[Start of Attachment]
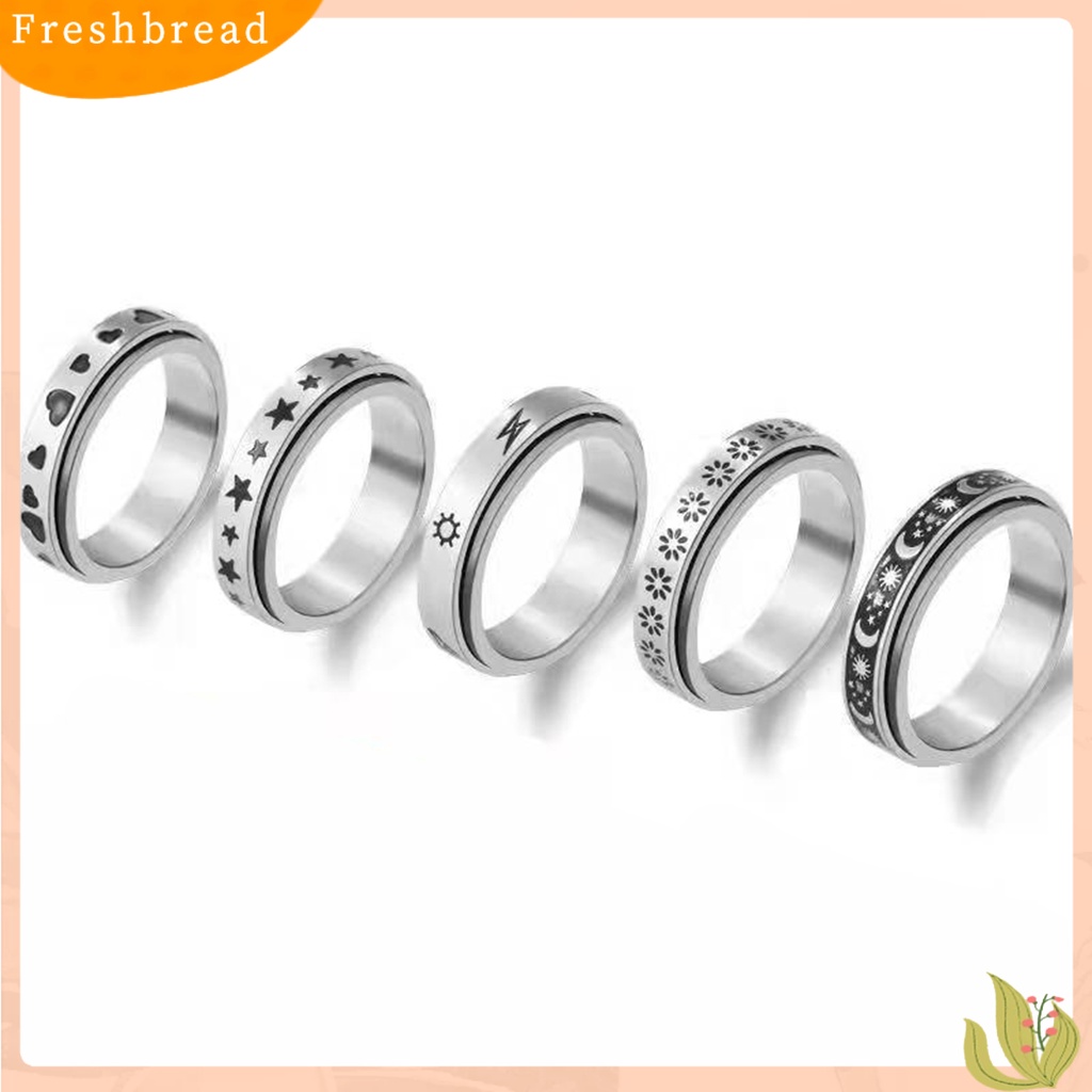 Detail < Freshbread > Spinner Rings Tahan Lama Unisex Anti Karat Alloy Bulan Bintang Fidget Ring Cincin Stress Penghilang Kecemasan Untuk Pesta
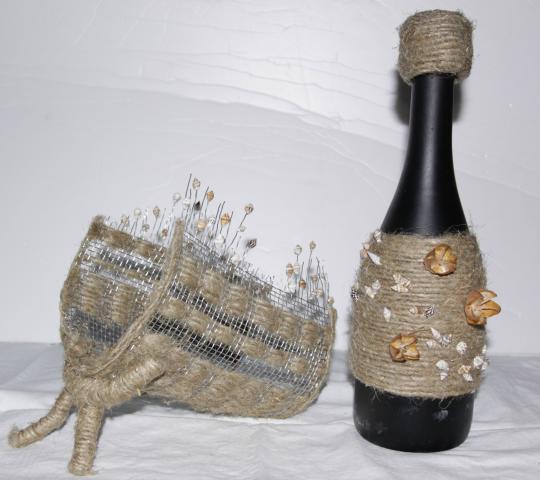 Ranku darbo butelio dekoras, taip pat ir butelio deklas, puiki interjero detale :}
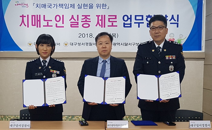 노형균 달서구 보건소장은 “이번 협약을 통해 치매 노인, 가족들이 안심하고 행복한 삶을 누릴 수 있도록 유관기관과의 협력을 강화해 나가겠으며, 치매 예방, 상담, 조기진단 등 치매노인실종 제로 등 치매국가책임제 실현을 위해 주민 최 일선에서 적극 노력해 나가겠다”고 말했다.
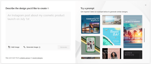 The first prompt it asks is “Describe the design you’d like to create.” This makes it simple for someone with no design experience to use it. Based on your prompt, the system can leverage AI to generate graphics. You can also upload your own.
[End of Attachment]
» ASSIGNMENT: It would help to have the listing above repeated exactly, with all images removed.

» EXERCISE SOLUTION:
 Detail < Freshbread > Spinner Rings Tahan Lama Unisex Anti Karat Alloy Bulan Bintang Fidget Ring Cincin Stress Penghilang Kecemasan Untuk Pesta
 Ranku darbo butelio dekoras, taip pat ir butelio deklas, puiki interjero detale :}
 노형균 달서구 보건소장은 “이번 협약을 통해 치매 노인, 가족들이 안심하고 행복한 삶을 누릴 수 있도록 유관기관과의 협력을 강화해 나가겠으며, 치매 예방, 상담, 조기진단 등 치매노인실종 제로 등 치매국가책임제 실현을 위해 주민 최 일선에서 적극 노력해 나가겠다”고 말했다.
 The first prompt it asks is “Describe the design you’d like to create.” This makes it simple for someone with no design experience to use it. Based on your prompt, the system can leverage AI to generate graphics. You can also upload your own.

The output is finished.